* HOW TO COMPLETE THIS TASK
The listing below is to be given again in full and word for word, without its images.
COLLECTED DATA START
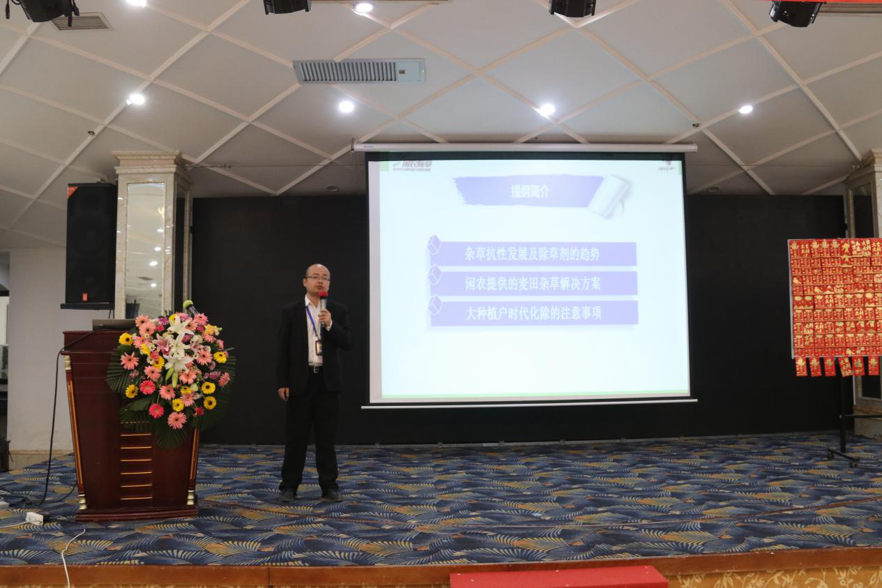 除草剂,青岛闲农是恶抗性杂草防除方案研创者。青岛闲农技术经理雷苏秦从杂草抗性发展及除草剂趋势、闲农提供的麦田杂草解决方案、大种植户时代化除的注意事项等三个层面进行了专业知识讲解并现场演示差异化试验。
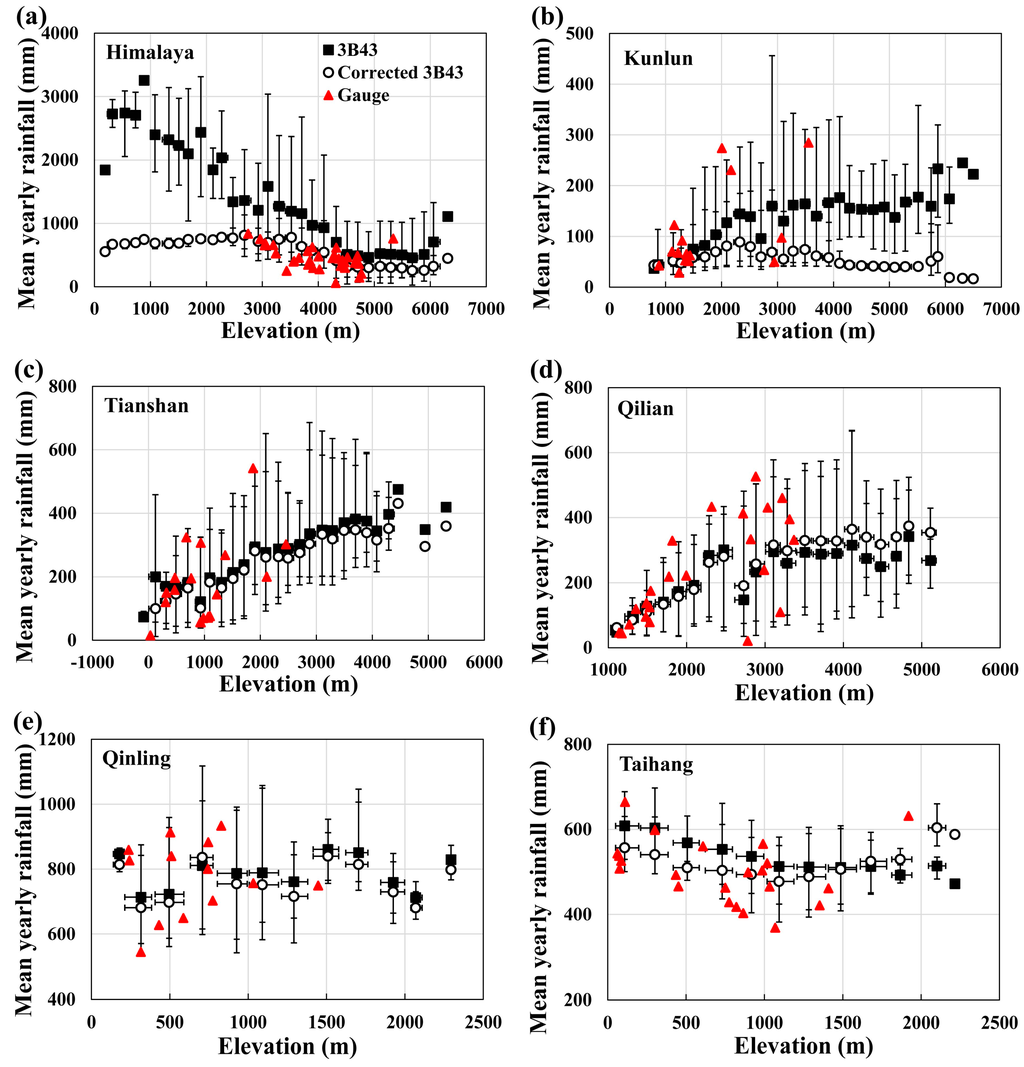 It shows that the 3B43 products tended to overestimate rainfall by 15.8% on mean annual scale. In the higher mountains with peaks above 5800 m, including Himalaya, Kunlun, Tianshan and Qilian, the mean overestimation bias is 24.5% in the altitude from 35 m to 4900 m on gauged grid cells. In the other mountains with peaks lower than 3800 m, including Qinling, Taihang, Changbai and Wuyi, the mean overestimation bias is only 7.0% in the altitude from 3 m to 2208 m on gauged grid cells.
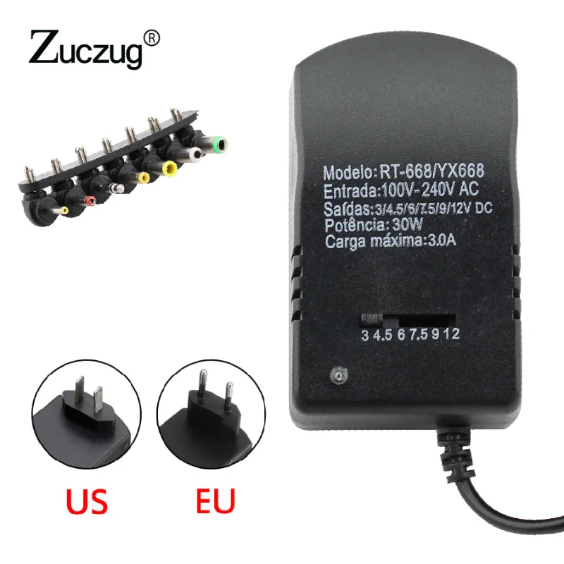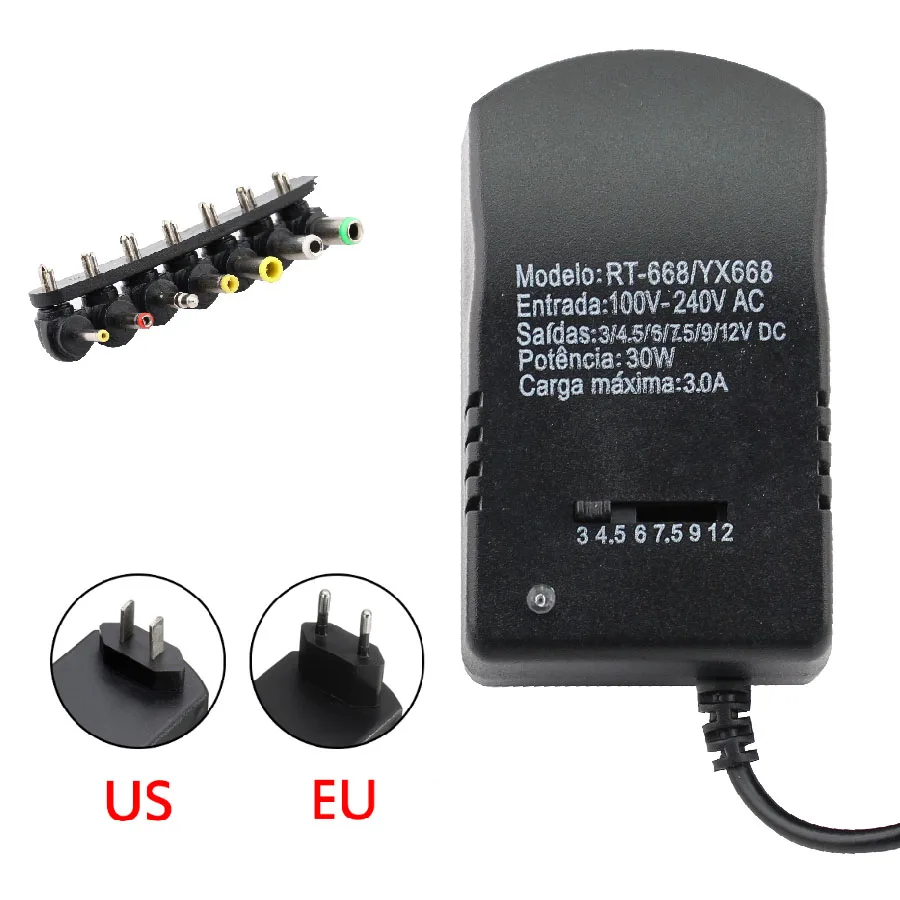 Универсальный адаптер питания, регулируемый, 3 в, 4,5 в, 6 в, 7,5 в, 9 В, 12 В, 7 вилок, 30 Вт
COLLECTED DATA END
* YOUR SOLUTION
 除草剂,青岛闲农是恶抗性杂草防除方案研创者。青岛闲农技术经理雷苏秦从杂草抗性发展及除草剂趋势、闲农提供的麦田杂草解决方案、大种植户时代化除的注意事项等三个层面进行了专业知识讲解并现场演示差异化试验。
 It shows that the 3B43 products tended to overestimate rainfall by 15.8% on mean annual scale. In the higher mountains with peaks above 5800 m, including Himalaya, Kunlun, Tianshan and Qilian, the mean overestimation bias is 24.5% in the altitude from 35 m to 4900 m on gauged grid cells. In the other mountains with peaks lower than 3800 m, including Qinling, Taihang, Changbai and Wuyi, the mean overestimation bias is only 7.0% in the altitude from 3 m to 2208 m on gauged grid cells.
 Универсальный адаптер питания, регулируемый, 3 в, 4,5 в, 6 в, 7,5 в, 9 В, 12 В, 7 вилок, 30 Вт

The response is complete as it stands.